-
Notifications
You must be signed in to change notification settings - Fork 19
Description
Hi,
Our SP developers have reported an IRQ‑related issue. The problem is as follows:
Hafnium receives a pIRQ and signals the S‑EL1 UP SP via a vIRQ; the IRQ is level-triggered and the SP’s handler deasserts the interrupt line. However, Hafnium performs EOI in S-EL2 before switching back to the SP, Link
if (v_intid != SPURIOUS_INTID_OTHER_WORLD) {
/*
* End the interrupt to drop the running priority. It also
* deactivates the physical interrupt. If not, the interrupt
* could trigger again after resuming current vCPU.
*/
plat_interrupts_end_of_interrupt(intid);
}
so as soon as we resume the SP the same pIRQ is immediately re-presented and the CPU returns to Hafnium’s irq_lower handler.

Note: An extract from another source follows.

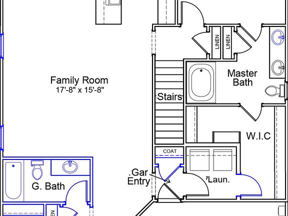 The Jasmine is just right at three bedrooms and three bathrooms. Hosting a guest bedroom at the main level, this space is perfect for when your parents visit. The family room makes for the perfect entertainment space and is open to the gorgeous kitchen, displaying staggered height cabinets in the color Sarsaparilla. Beautiful quartz countertops in this area are also offset by stainless steel appliances and tile backsplash. Off the exterior of the home is a covered porch, allowing you to soak in the sounds of nature and unwind after a hard day's work. The primary bedroom, as always with our Garden series, is conveniently located on the first floor. Upstairs hosts the secondary bedroom, which has its own bathroom.

With instrumentation we observe the SP’s PC stuck at the IRQ handler entrypoint (0x93603280) and the system bouncing between Hafnium and the SP without making forward progress.

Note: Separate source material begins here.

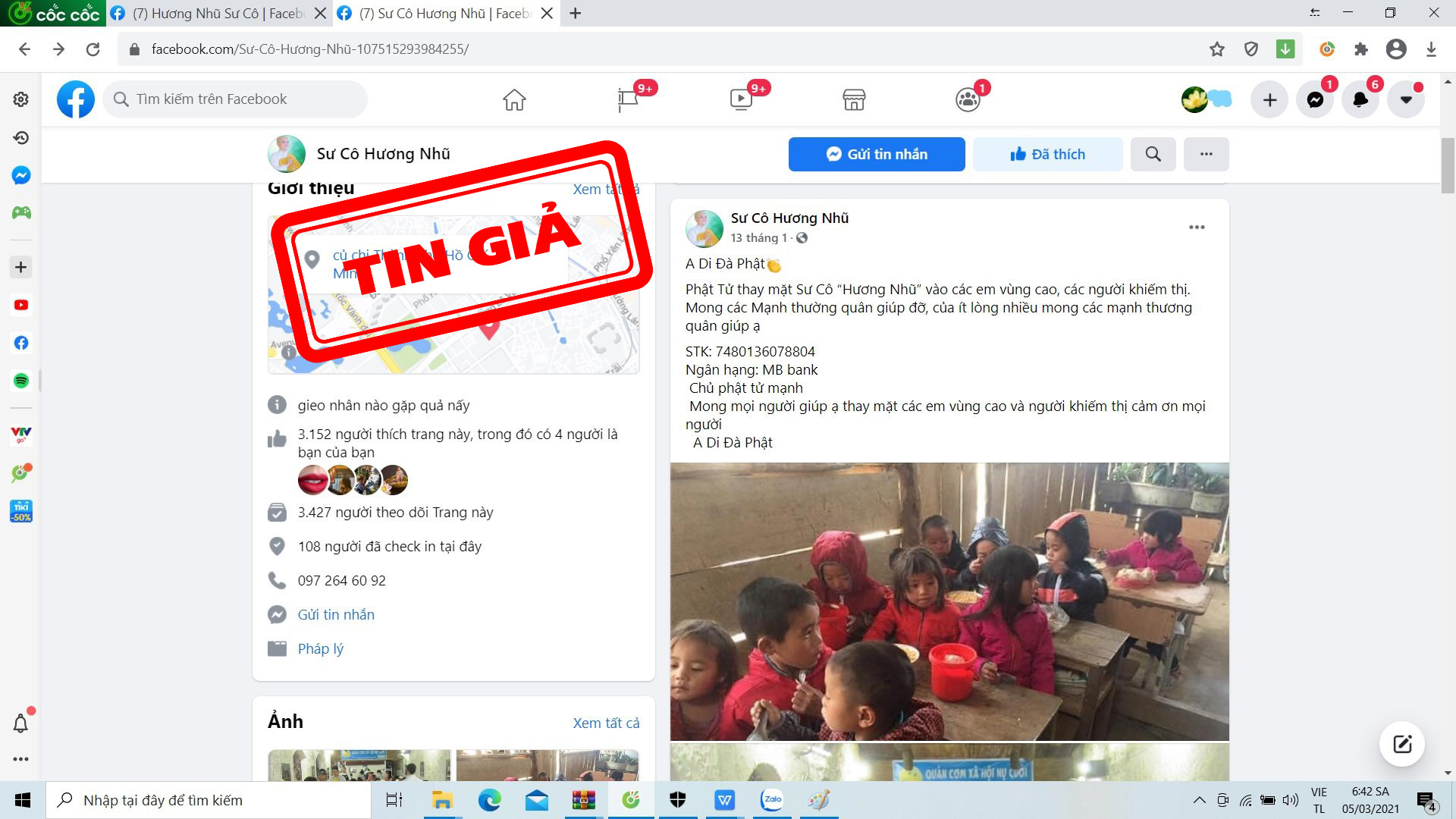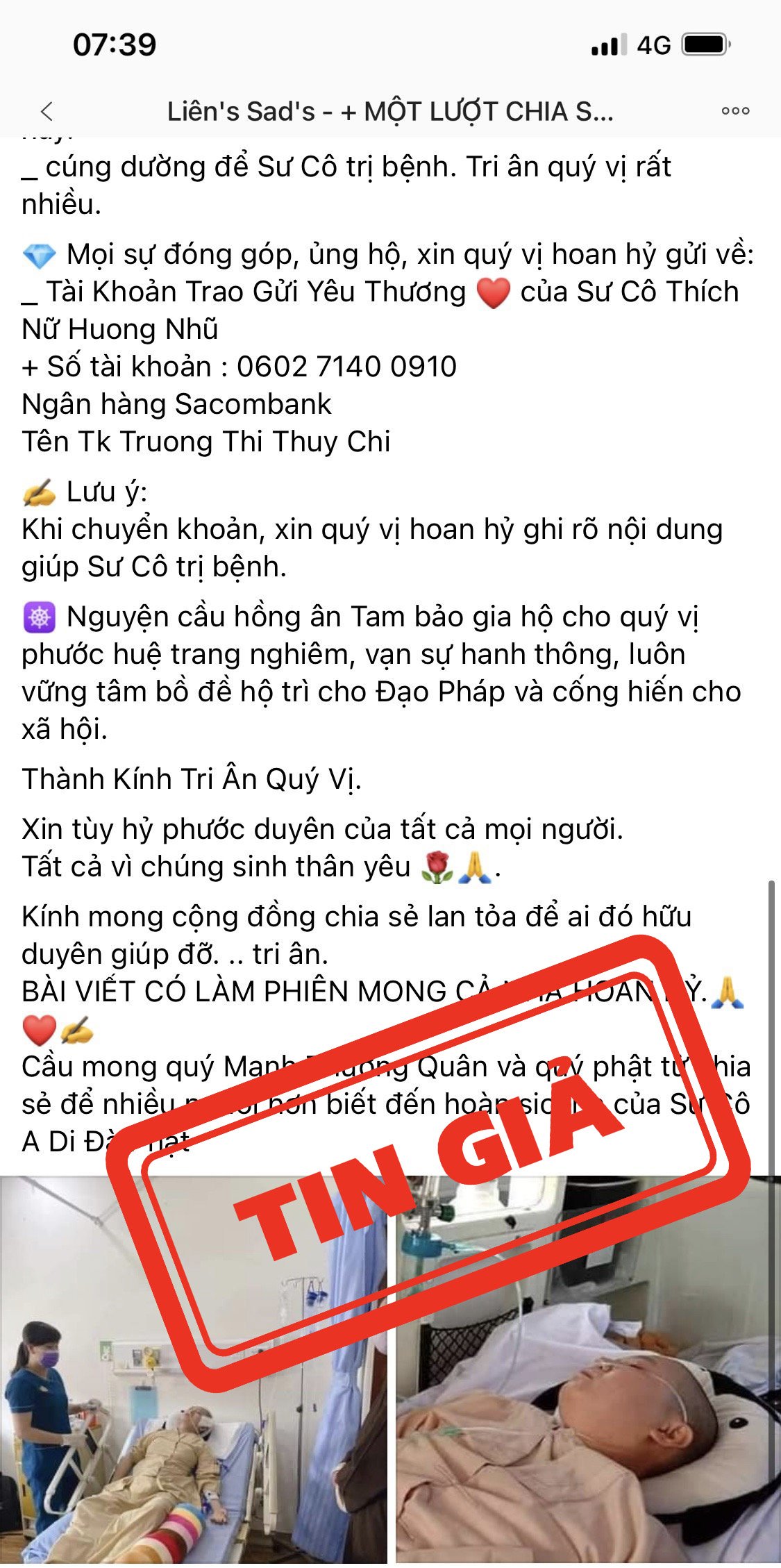 Facebook giả mạo Sư Hương Nhũ kêu gọi từ thiện

[3.611642][HF] (0) ERROR: ffa_interrupts_handle_secure_interrupt
[3.617131][HF] (0) ERROR: intid: 681 vm: 0x8001, pc: 0x93600094
[3.622696][HF] (0) ERROR: ffa_interrupts_handle_secure_interrupt
[3.628344][HF] (0) ERROR: intid: 681 vm: 0x8001, pc: 0x93603280
[3.633909][HF] (0) ERROR: ffa_interrupts_handle_secure_interrupt
[3.639558][HF] (0) ERROR: intid: 681 vm: 0x8001, pc: 0x93603280
[3.645122][HF] (0) ERROR: ffa_interrupts_handle_secure_interrupt
[3.650771][HF] (0) ERROR: intid: 681 vm: 0x8001, pc: 0x93603280
[3.656336][HF] (0) ERROR: ffa_interrupts_handle_secure_interrupt
[3.661985][HF] (0) ERROR: intid: 681 vm: 0x8001, pc: 0x93603280
[3.667550][HF] (0) ERROR: ffa_interrupts_handle_secure_interrupt
[3.673198][HF] (0) ERROR: intid: 681 vm: 0x8001, pc: 0x93603280
[3.678764][HF] (0) ERROR: ffa_interrupts_handle_secure_interrupt
[3.684412][HF] (0) ERROR: intid: 681 vm: 0x8001, pc: 0x93603280
Additionally, we found that removing Hafnium’s EOI allows the SP to complete its IRQ handler.

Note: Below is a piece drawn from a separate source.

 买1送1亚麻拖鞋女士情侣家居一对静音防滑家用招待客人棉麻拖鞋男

We also noticed a comment stating that delaying EOI would cause a re-trigger after resume current vCPU; for level-triggered IRQs our observation appears to be the opposite—early EOI before the device deasserts the line causes an immediate re-trigger and ping-pong. Do you have any suggestions?